Già il TFR prevede la possibilità di anticipi in caso di spese mediche o acquisto della casa. Per rendere più appetibili i fondi pensione e i Piani Individuali Pensionistici non solo sono state mantenute queste possibilità, ma se ne sono aggiunte di nuove. Ecco quando si può richiedere un anticipo:
  • sempre, per un importo non superiore al 75% del fondo, per spese sanitarie a seguito di gravissime situazioni relative a sé, al coniuge e ai figli per terapie e interventi straordinari riconosciuti dalle strutture pubbliche;
  • dopo otto anni di iscrizione, per un importo non superiore al 75%, per l'acquisto della prima casa per sé o per i figli (documentato con atto notarile) o per la realizzazione di interventi di manutenzione ordinaria/straordinaria, restauro e risanamento conservativo o ristrutturazione edilizia della prima casa. Sul tema ristrutturazione ogni fondo pensione definisce le sue specifiche modalità operative e la documentazione necessaria per dimostrare i lavori;
  • dopo otto anni di iscrizione, per un importo non superiore al 30%, per “ulteriori esigenze”. Si tratta di una motivazione generica spesso utilizzata in questo periodo di crisi visto che non occorre  dimostrarla. Devi tener presente che l’importo non può superare il 30% della posizione complessiva (inclusi gli anticipi) e poi decurtata del totale degli anticipi ottenuti. Esempio: ho 100 euro depositati sul fondo pensione e decido di richiederne 30 in anticipo. Dopo 2 anni sul fondo dispongo di 90 euro e chiedo un nuovo anticipo. Il 30% non sarà calcolato su 90, ma tenendo in considerazione il precedente prelievo. Quindi sarà calcolato su (90+30)= 36 – 30 = 6.
Il totale delle anticipazioni non può comunque superare il 75% del totale dei versamenti (comprese le quote del Tfr, maggiorati delle plusvalenze tempo per tempo realizzate).

Tasse

Nel caso di anticipi per motivazioni sanitarie la trattenuta fiscale è pari al 15% con riduzione dello 0,30% per ogni anno successivo al 15° di partecipazione, fino ad un minimo di imposta pari al 9%. Negli altri casi (casa o esigenze generiche) l’aliquota di imposta è pari al 23% fisso.
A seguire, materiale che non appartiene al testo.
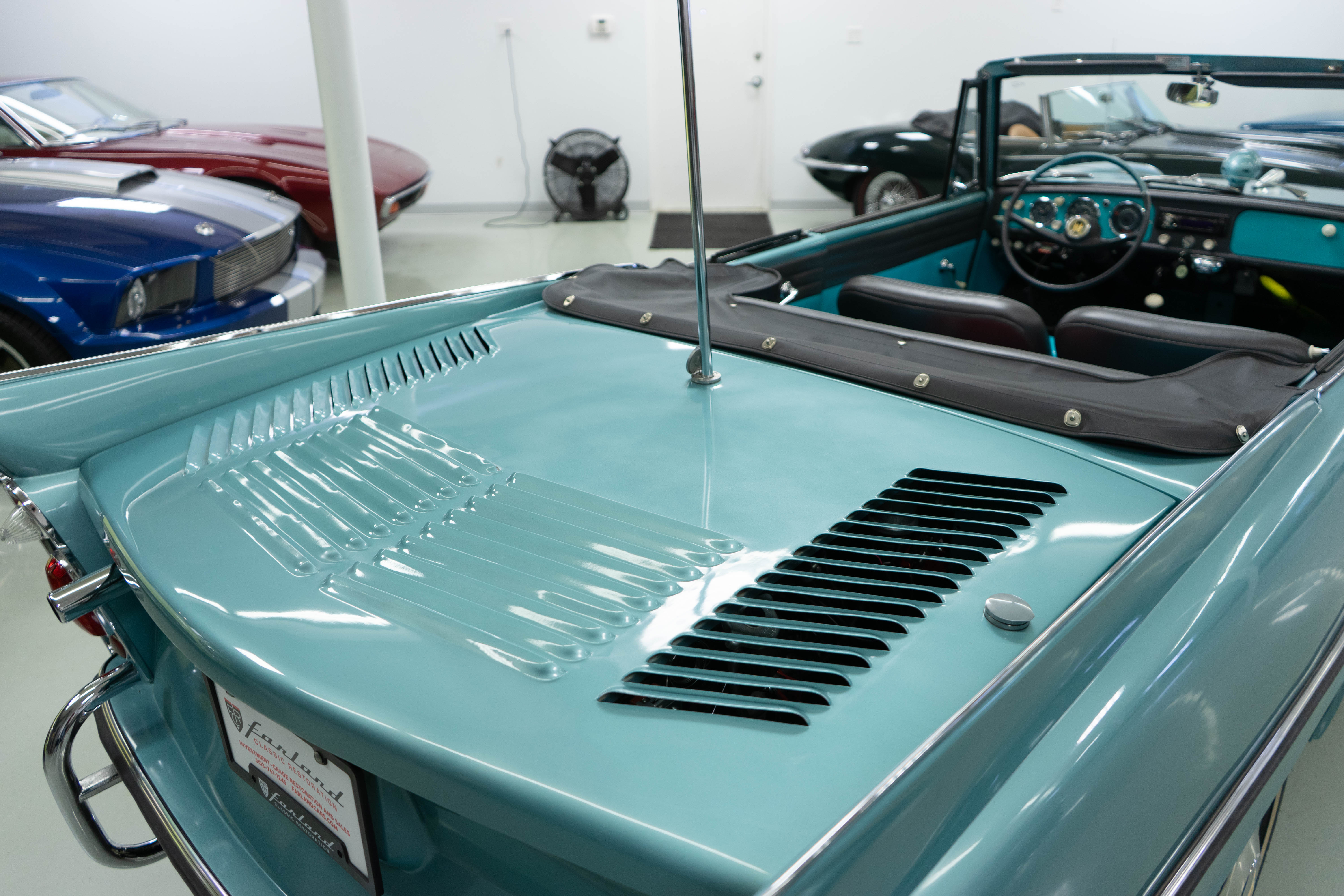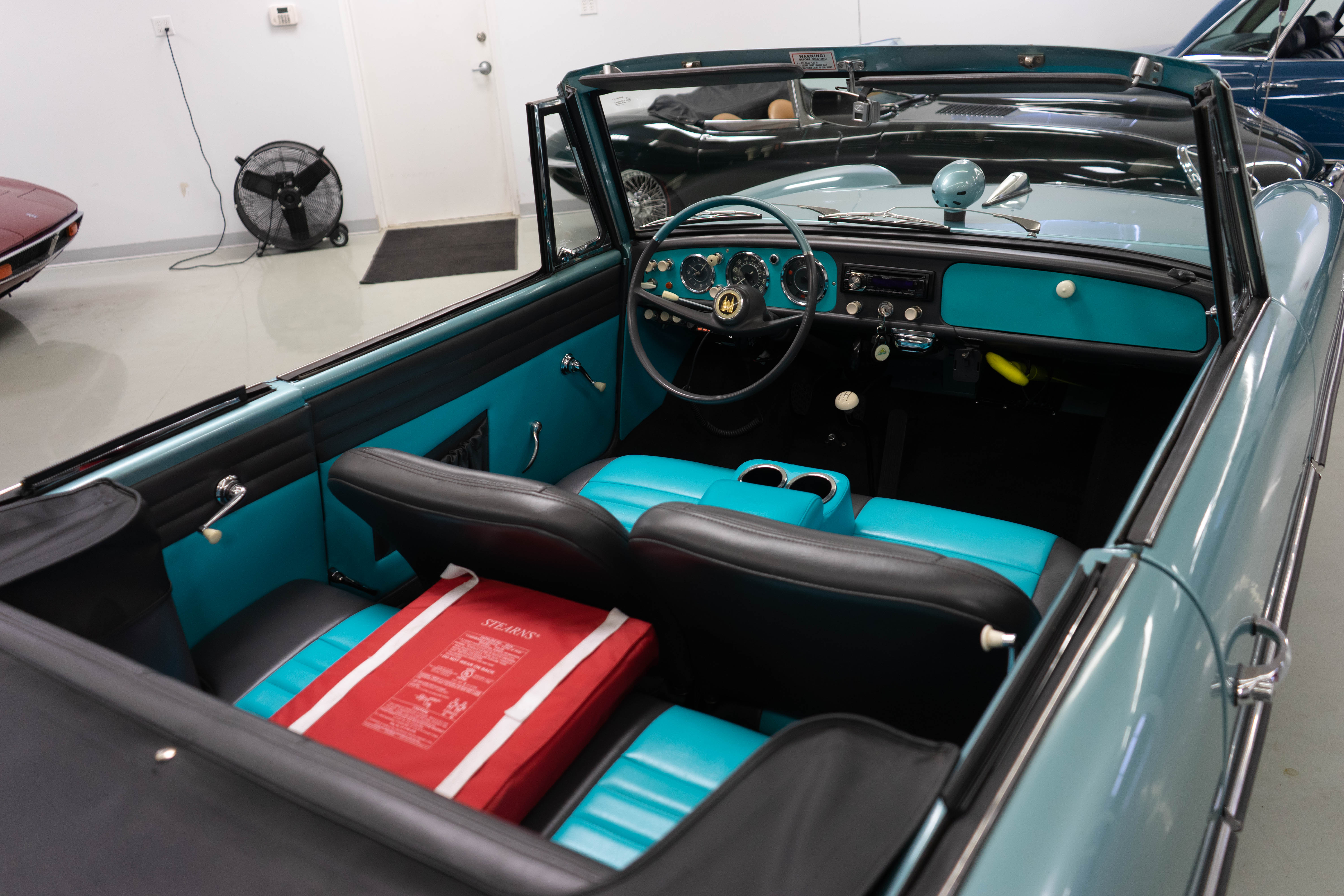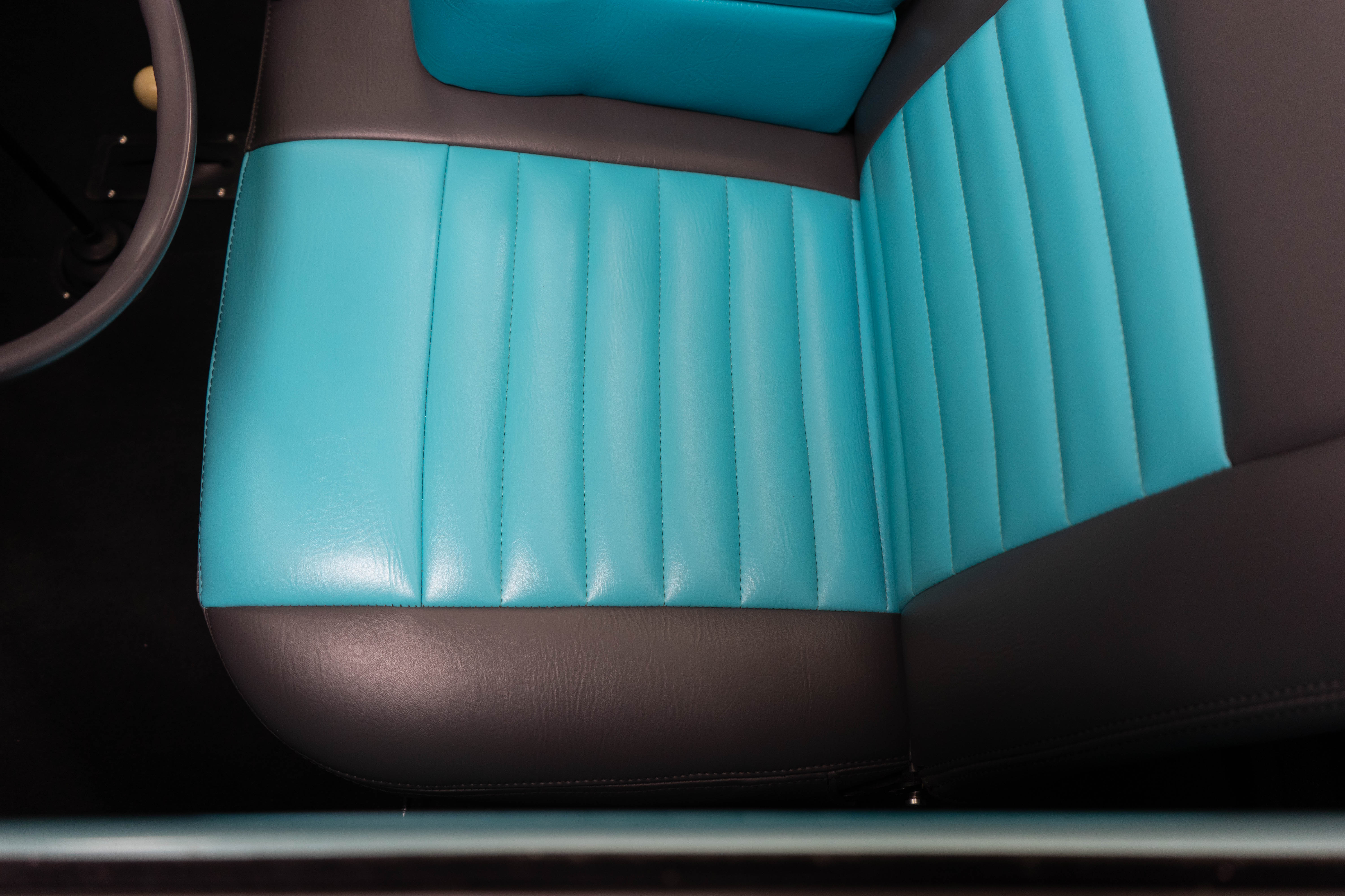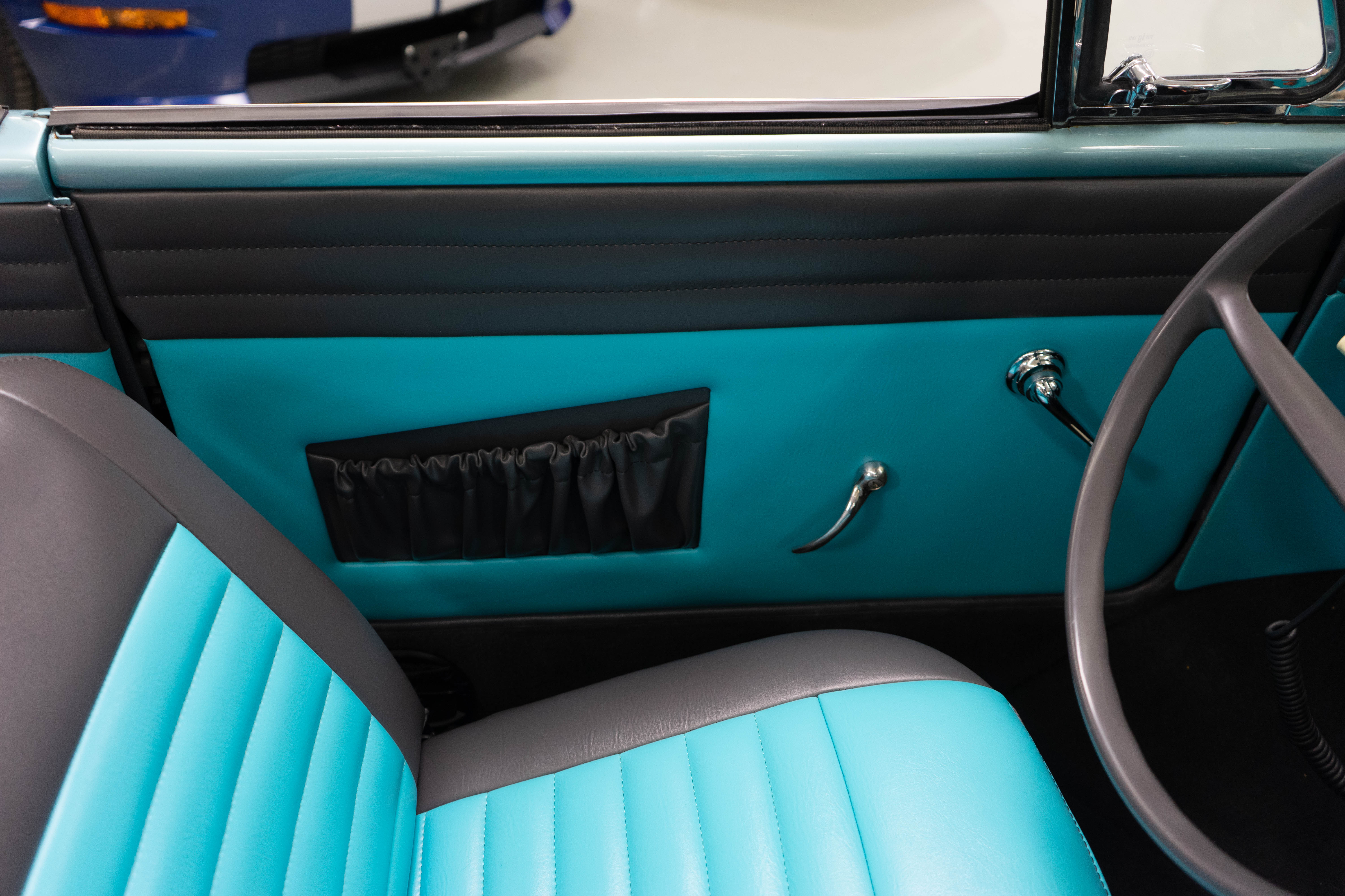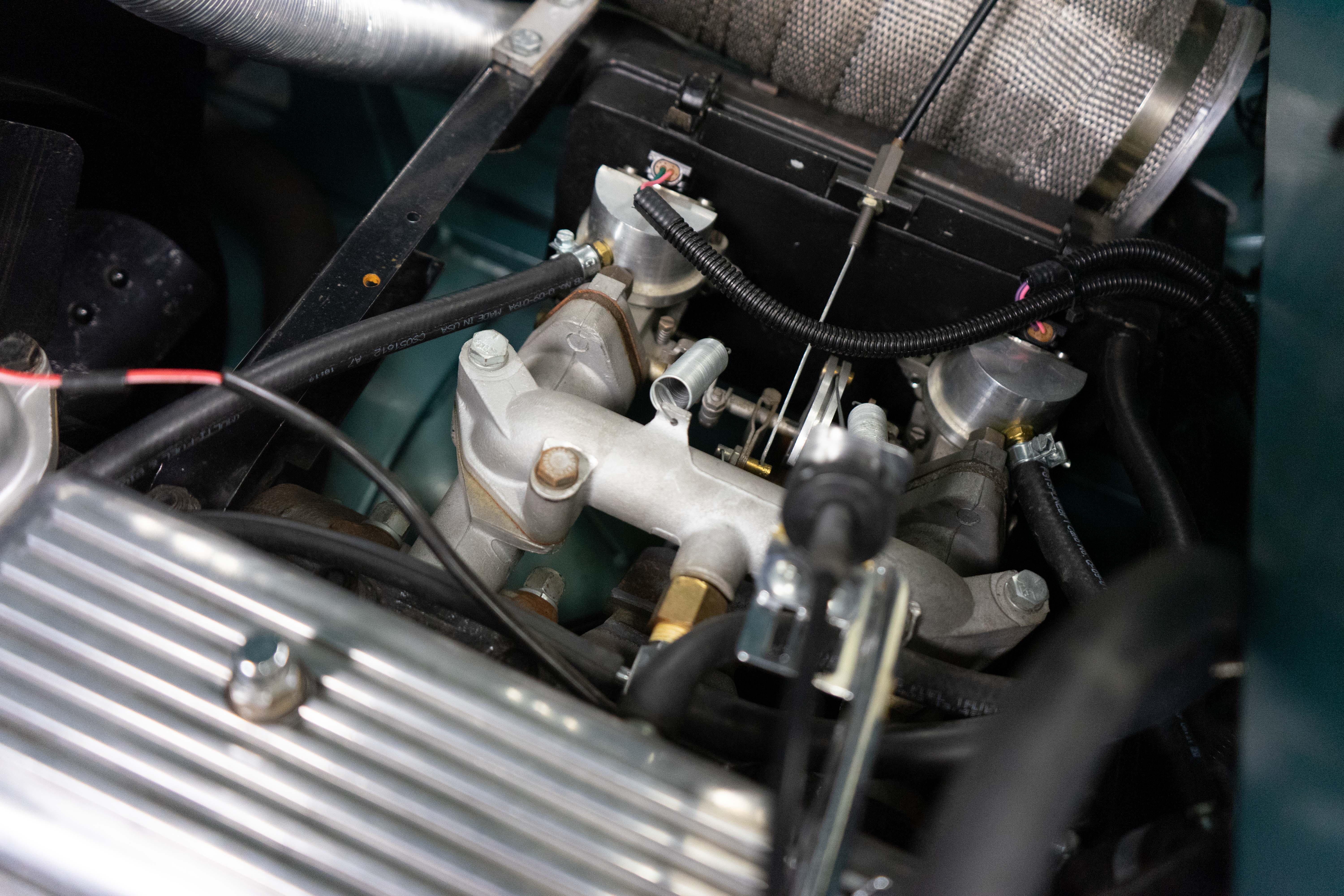 All of the typical full-restoration boxes were checked, with engine, suspension, brakes, drivetrain & electrics all refurbished. The solid hull was stripped to metal and refinished in this beautiful aqua green, with an all-new matching two-tone interior and new convertible top. The engine has been upgraded with fuel injection and numerous other new technologies have been added, like a marine band radio for when you’re out of sight of land, modern sound system, improved cooling with supplemental fans, upgraded alternator and nice touches like the finned aluminum valve cover.

Riscatto anticipato del fondo pensione

E’ inoltre possibile riscattare parzialmente o totalmente i capitali sul fondo qualora si perda il lavoro (oltre che ovviamente interrompere il versamento dei contributi):
  1. Riscatto del 50% in caso di disoccupazione compresa tra 12 e 48 mesi o in caso di mobilità (cassa integrazione guadagni ordinaria o straordinaria)
  2. Riscatto totale in caso di invalidità permanente con riduzione della capacità di lavoro a meno di un terzo, o dopo che una persona sia rimasta disoccupata per più di 48 mesi. Non è possibile ottenere questo tipo di riscatto nei cinque anni precedenti il pensionamento, in tal caso infatti è possibile ottenere la prestazione pensionistica con anticipo fino a cinque anni. Il riscatto totale determina la chiusura del rapporto con il fondo pensione e quindi qualora ci si iscriva successivamente a un fondo pensione, il conteggio dell'anzianità (utile come abbiamo visto per ottenere alcuni tipi di anticipazione) ripartirà da zero
  3. Riscatto in caso di morte: il capitale è riscattato dagli eredi, o dai beneficiari indicati dal lavoratore stesso
  4. Riscatto per cause diverse: si tratta di una forma di riscatto consentita, in caso di perdita dei requisiti di partecipazione al fondo, solo a condizione che sia prevista dagli statuti e dai regolamenti delle forme pensionistiche complementari.
Anche in questi casi, considerato lo stato di bisogno, i prelievi hanno tassazione agevolata variabile dal 15% al 9%. Fa eccezione l’ultimo caso (cause diverse) soggetto al 23%.

Quando conviene chiedere un anticipo


riscatto previdenzaCome visto le regole del fondo pensione puntano a consentire una certa flessibilità all’aderente tentando comunque di salvaguardare la finalità previdenziale.

Occorre sempre valutare la convenienza di richiedere l'anticipazione perché il fondo pensione (o altra forma previdenziale) serve specificatamente a colmare il gap previdenziale (differenza tra lo stipendio e la pensione) che si otterrà al momento del pensionamento.

Ovvio che di fronte a stati di necessità, in particolare per ragioni sanitarie, non si possa che far ricorso ad ogni risorsa, fondo pensione incluso. Sulla casa invece il discorso è diverso in quanto si tratta di un evento prevedibile e che quindi andrebbe gestito parallelamente a quello della previdenza.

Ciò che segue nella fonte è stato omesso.